(What you need to do)
Pictures appear among the records below and must be omitted. Repeat exactly the lines from the line with "Методика выполнения. Мизинец, безымянный" to the line with "- Кривая силы", both included.

(Task inputs)
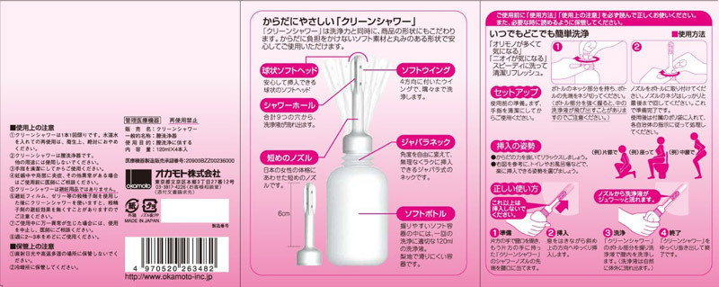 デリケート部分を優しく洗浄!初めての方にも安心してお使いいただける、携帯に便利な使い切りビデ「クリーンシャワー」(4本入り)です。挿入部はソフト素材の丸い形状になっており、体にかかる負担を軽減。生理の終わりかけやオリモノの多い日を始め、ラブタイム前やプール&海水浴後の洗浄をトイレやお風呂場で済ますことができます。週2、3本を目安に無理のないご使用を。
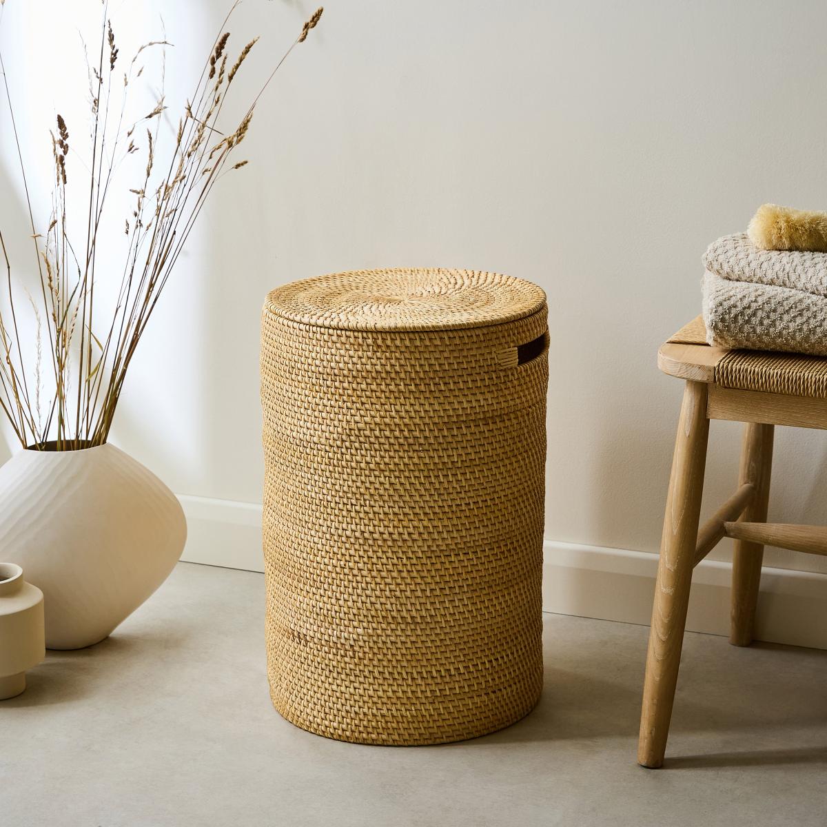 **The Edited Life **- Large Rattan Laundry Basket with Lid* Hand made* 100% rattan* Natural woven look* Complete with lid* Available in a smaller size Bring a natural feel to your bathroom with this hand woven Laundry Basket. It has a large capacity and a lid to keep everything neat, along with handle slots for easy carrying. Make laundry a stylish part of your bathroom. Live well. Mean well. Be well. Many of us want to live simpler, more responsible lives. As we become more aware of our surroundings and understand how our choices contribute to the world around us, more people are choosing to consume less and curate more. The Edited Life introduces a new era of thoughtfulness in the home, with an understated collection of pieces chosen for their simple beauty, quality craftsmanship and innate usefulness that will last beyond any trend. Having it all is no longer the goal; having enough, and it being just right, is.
...
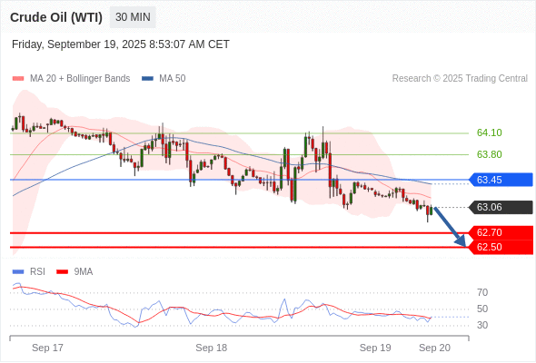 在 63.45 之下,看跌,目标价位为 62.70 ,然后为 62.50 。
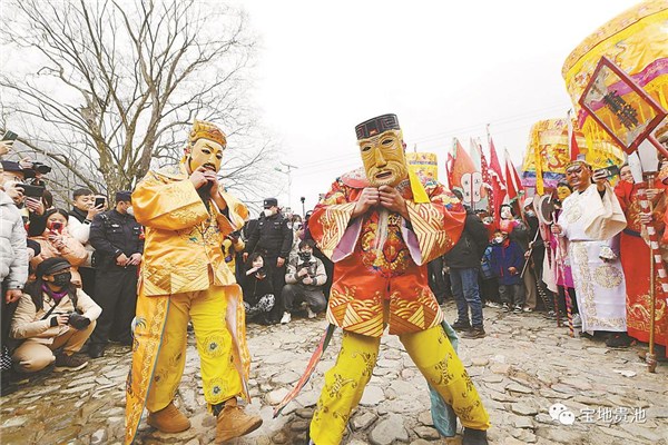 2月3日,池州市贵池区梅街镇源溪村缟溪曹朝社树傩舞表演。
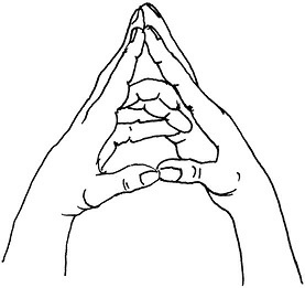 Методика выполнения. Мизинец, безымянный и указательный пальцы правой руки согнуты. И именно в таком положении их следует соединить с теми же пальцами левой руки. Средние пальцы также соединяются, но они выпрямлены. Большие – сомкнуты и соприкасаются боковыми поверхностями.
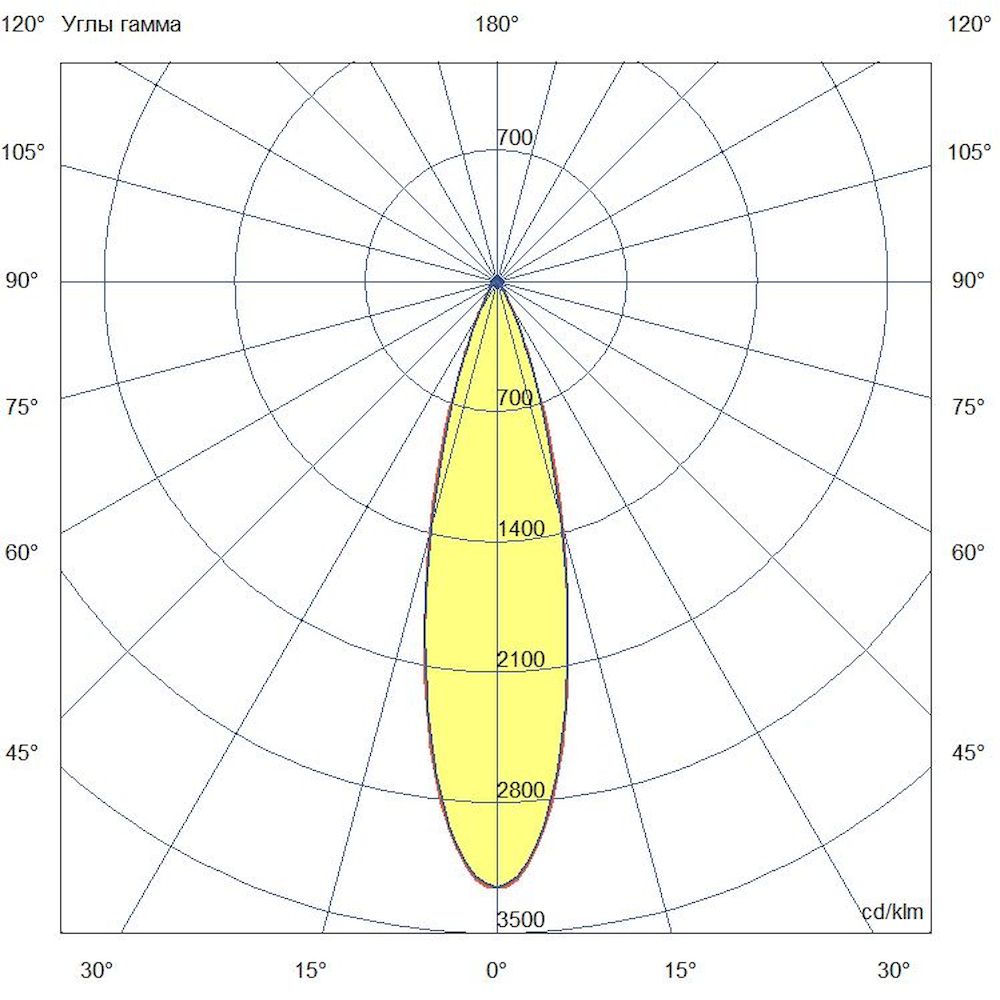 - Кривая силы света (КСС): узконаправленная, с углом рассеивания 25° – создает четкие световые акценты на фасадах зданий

(Output for this exercise)
 Методика выполнения. Мизинец, безымянный и указательный пальцы правой руки согнуты. И именно в таком положении их следует соединить с теми же пальцами левой руки. Средние пальцы также соединяются, но они выпрямлены. Большие – сомкнуты и соприкасаются боковыми поверхностями.
 - Кривая силы света (КСС): узконаправленная, с углом рассеивания 25° – создает четкие световые акценты на фасадах зданий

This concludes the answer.